[Opening AVAILABLE DATA section]
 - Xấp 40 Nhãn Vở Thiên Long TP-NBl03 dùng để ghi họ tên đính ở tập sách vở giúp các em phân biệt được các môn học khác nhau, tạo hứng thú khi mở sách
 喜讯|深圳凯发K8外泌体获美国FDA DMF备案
[Closing AVAILABLE DATA section]
[Opening AVAILABLE DATA section]
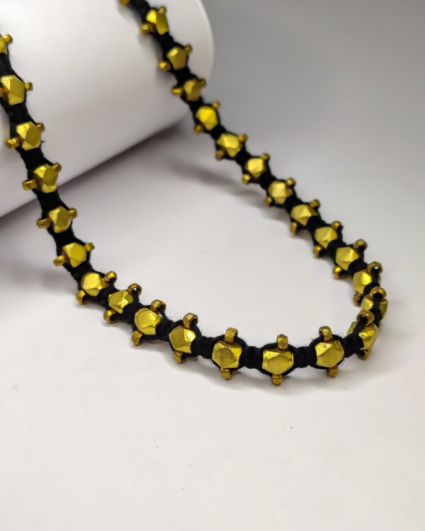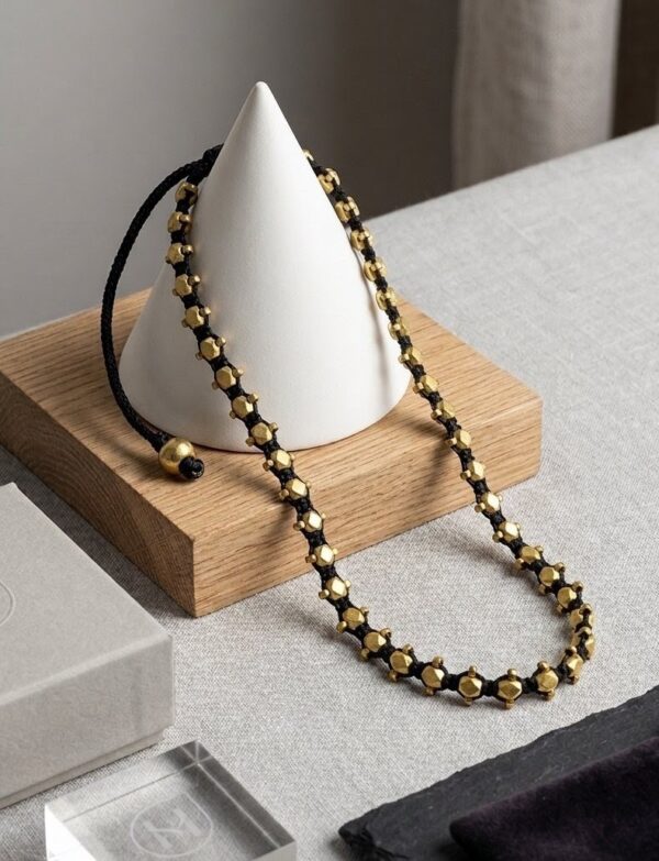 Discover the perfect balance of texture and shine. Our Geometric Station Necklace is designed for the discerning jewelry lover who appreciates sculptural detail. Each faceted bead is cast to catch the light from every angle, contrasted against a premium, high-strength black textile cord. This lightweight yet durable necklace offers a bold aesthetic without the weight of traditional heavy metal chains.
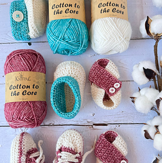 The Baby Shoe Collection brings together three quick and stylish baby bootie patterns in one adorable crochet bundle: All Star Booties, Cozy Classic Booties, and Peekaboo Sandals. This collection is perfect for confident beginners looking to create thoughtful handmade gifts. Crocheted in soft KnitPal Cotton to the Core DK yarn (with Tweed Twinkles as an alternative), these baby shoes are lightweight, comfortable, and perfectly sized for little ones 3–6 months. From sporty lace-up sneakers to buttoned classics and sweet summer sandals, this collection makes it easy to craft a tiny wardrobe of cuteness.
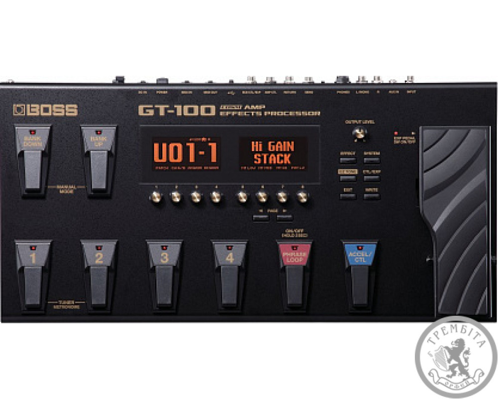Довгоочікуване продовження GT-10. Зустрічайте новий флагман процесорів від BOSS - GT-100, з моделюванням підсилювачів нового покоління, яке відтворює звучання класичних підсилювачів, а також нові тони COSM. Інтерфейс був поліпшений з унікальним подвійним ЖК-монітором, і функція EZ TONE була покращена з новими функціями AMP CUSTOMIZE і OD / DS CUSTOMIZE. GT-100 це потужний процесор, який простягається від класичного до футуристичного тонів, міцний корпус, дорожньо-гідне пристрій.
[Closing AVAILABLE DATA section]
[Opening AVAILABLE DATA section]
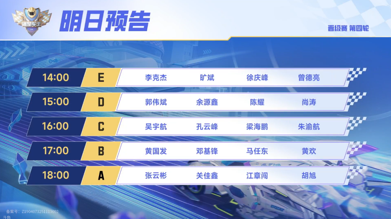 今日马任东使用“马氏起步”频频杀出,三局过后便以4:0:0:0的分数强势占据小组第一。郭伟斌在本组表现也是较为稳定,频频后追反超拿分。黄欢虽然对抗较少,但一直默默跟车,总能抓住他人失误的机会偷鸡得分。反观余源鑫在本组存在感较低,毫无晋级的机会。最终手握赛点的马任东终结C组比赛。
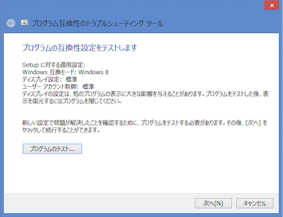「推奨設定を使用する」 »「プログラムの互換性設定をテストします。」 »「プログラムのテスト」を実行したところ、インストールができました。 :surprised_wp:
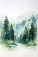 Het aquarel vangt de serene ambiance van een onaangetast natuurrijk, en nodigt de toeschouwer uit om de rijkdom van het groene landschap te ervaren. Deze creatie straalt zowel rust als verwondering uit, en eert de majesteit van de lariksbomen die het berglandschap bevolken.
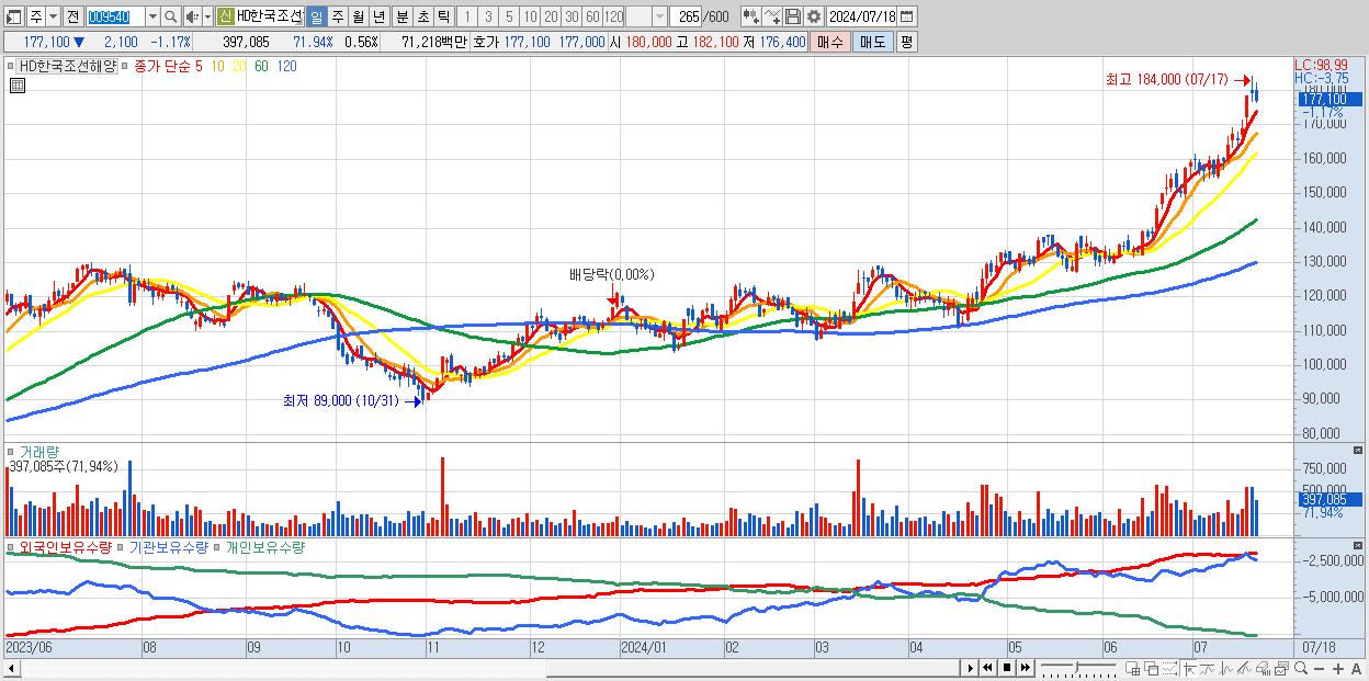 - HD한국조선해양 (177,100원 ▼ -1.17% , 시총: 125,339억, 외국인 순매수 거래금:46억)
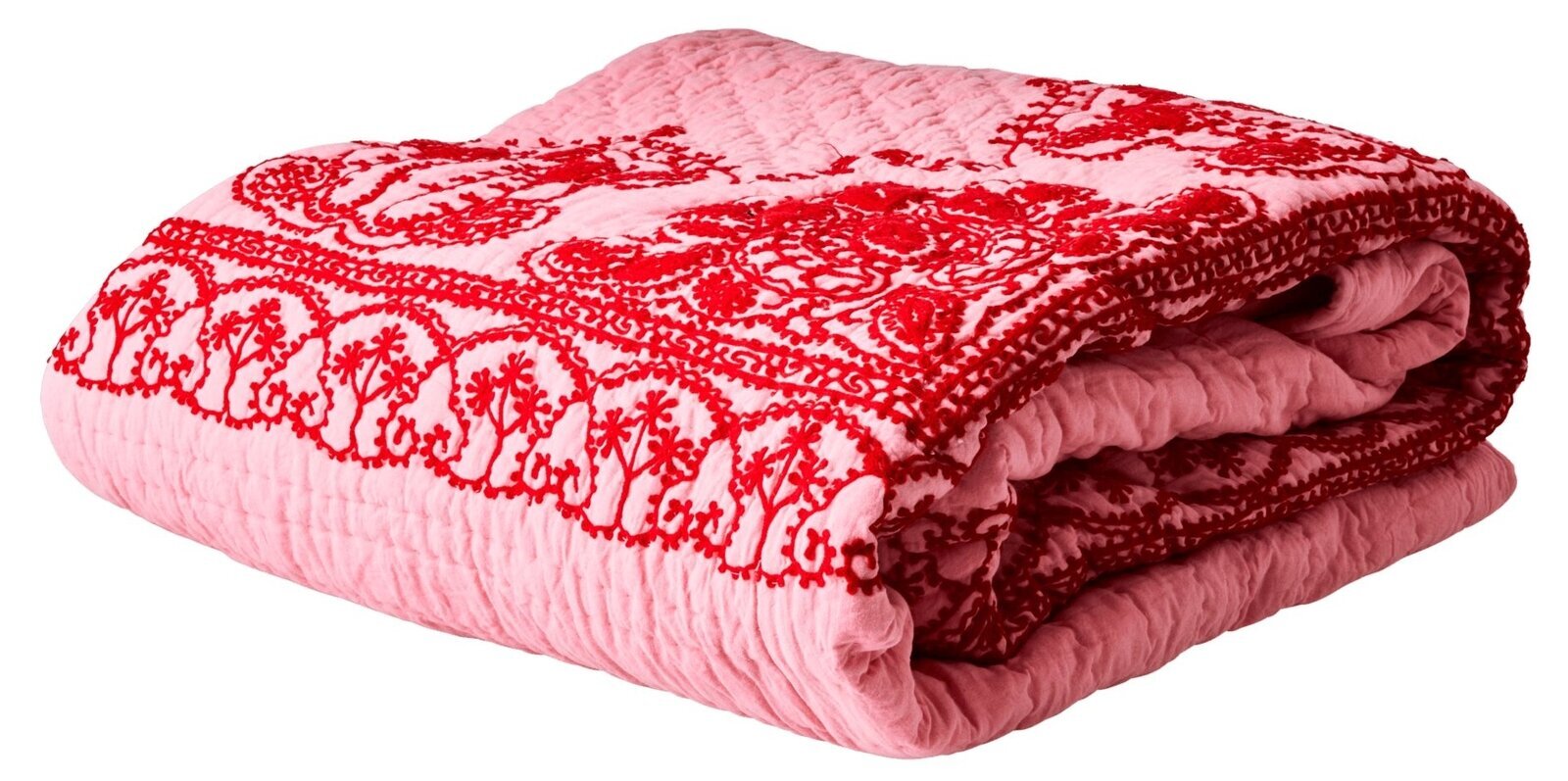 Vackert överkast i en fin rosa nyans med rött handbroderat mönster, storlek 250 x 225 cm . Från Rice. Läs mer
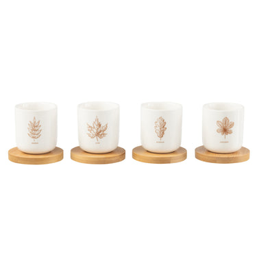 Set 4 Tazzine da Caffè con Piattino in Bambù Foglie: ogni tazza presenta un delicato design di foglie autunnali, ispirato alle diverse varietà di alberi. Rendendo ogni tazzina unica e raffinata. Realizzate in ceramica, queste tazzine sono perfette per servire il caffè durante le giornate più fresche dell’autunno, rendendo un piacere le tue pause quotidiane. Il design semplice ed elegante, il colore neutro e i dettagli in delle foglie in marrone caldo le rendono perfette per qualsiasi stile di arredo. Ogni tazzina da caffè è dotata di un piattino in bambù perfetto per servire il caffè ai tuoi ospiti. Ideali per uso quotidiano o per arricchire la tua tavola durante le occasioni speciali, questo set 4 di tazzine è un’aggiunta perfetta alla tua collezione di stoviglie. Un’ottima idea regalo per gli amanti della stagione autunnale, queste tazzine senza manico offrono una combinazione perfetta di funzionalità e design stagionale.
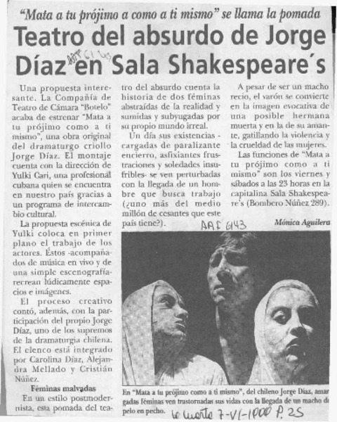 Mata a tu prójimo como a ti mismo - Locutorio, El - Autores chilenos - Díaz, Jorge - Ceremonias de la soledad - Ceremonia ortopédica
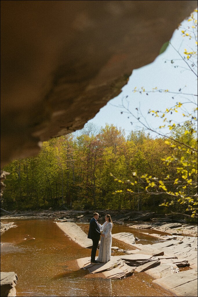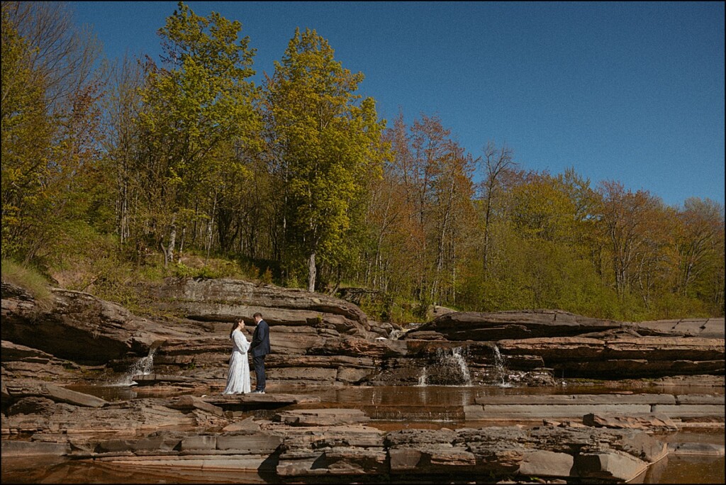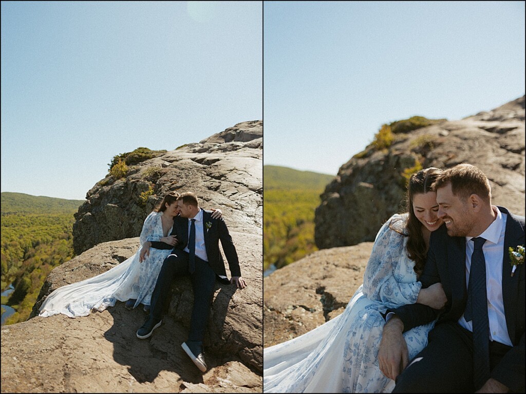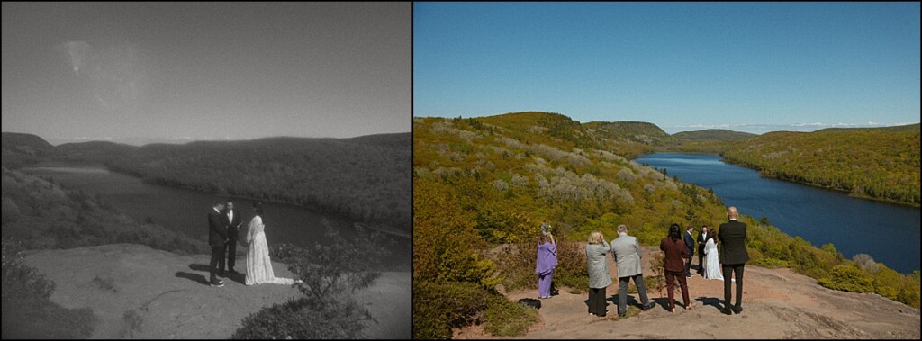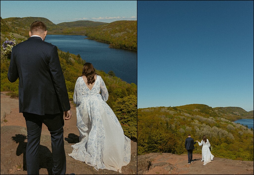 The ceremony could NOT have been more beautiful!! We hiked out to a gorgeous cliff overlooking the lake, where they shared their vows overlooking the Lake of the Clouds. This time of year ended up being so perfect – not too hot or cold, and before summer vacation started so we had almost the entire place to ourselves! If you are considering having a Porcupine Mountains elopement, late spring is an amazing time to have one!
[Closing AVAILABLE DATA section]
| GOAL OF THE EXERCISE |
Leave the pictures out. Output, exactly, the lines of the material above starting at the line containing "Set 4 Tazzine" and ending at the line containing "The ceremony could".

| EXERCISE OUTPUT |
 Set 4 Tazzine da Caffè con Piattino in Bambù Foglie: ogni tazza presenta un delicato design di foglie autunnali, ispirato alle diverse varietà di alberi. Rendendo ogni tazzina unica e raffinata. Realizzate in ceramica, queste tazzine sono perfette per servire il caffè durante le giornate più fresche dell’autunno, rendendo un piacere le tue pause quotidiane. Il design semplice ed elegante, il colore neutro e i dettagli in delle foglie in marrone caldo le rendono perfette per qualsiasi stile di arredo. Ogni tazzina da caffè è dotata di un piattino in bambù perfetto per servire il caffè ai tuoi ospiti. Ideali per uso quotidiano o per arricchire la tua tavola durante le occasioni speciali, questo set 4 di tazzine è un’aggiunta perfetta alla tua collezione di stoviglie. Un’ottima idea regalo per gli amanti della stagione autunnale, queste tazzine senza manico offrono una combinazione perfetta di funzionalità e design stagionale.
 Mata a tu prójimo como a ti mismo - Locutorio, El - Autores chilenos - Díaz, Jorge - Ceremonias de la soledad - Ceremonia ortopédica
 The ceremony could NOT have been more beautiful!! We hiked out to a gorgeous cliff overlooking the lake, where they shared their vows overlooking the Lake of the Clouds. This time of year ended up being so perfect – not too hot or cold, and before summer vacation started so we had almost the entire place to ourselves! If you are considering having a Porcupine Mountains elopement, late spring is an amazing time to have one!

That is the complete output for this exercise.